About Our Lab

Profile Tim


I received my undergraduate training in Zoology from Oxford University and a Masters in Medical Parasitology from the London School of Hygiene and Tropical Medicine, before moving to the Department of Ecology and Evolution at the University of Rochester (New York State) for graduate school. Following postdoctoral work in Oxford and Milan, I moved to the Texas Biomedical Research Institute (Texas Biomed) as the only parasite biologist in 1999.

I have previously studied mice on the Orkney Islands, butterfly-ant symbioses in Australia, giant rats in New Guinea, Wolbachia endosymbionts in filarial nematodes, and roundworm transmission in Guatemalan villages, before focusing on the genetics and evolution of malaria and schistosome parasites.

Lab goals


My lab aims to bridge the gap between mainstream evolutionary biology and parasitology. We focus on malaria and schistosomes, the most important of the protozoan and helminth parasites infecting humans, which are also genetically and experimentally tractable. We utilize a population/quantitative genetics framework, and both experimental and field-based research to ask questions about the evolution, ecology and transmission of these parasites.

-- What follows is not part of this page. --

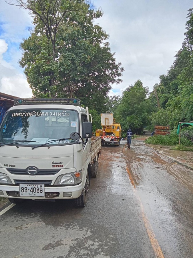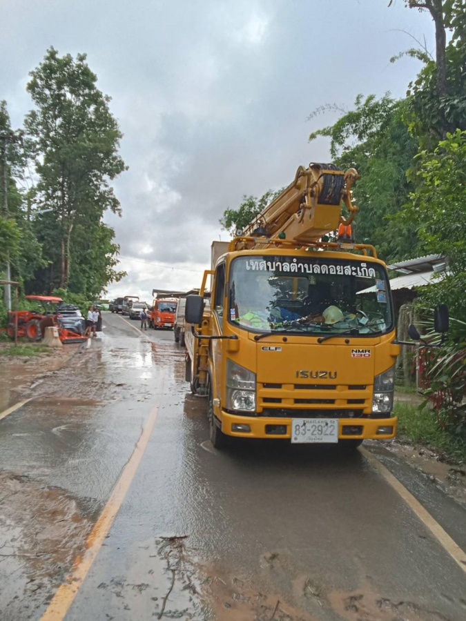! ! วันพุธ ที่ 24 กันยายน2568 !! นายพณานนท์ สุนตาอินทร์ นายกเทศมนตรีตำบลดอยสะเก็ด ได้รับการประสานงานจากนายพิรุฬห์ บุญเย็น นายกเทศมนตรีเทศบาลตำบลลวงเหนือ ประสานงานขอให้เจ้าหน้าที่กองช่าง เทศบาลดอยสะเก็ดลงพื้นที่ช่วยเหลือตัดต้นไม้ใหญ่หักโค่นล้มขวางถนนและล้มทับสายไฟแรงสูงบริเวณทางเข้าประมงเขื่อนแม่กวงอ

My malaria research focuses on understanding how many times drug resistance has evolved in nature, the role of compensation and epistasis, what genes are involved, the role of copy number variation and SNPs, and the composition of complex parasite infections containing multiple parasite genotypes.

My schistosome research pioneers use of laboratory genetic crosses and association mapping for analysis of drug resistance and host specificity, and sequencing of single miracidia larvae for investigating introgression, epidemiology and population biology.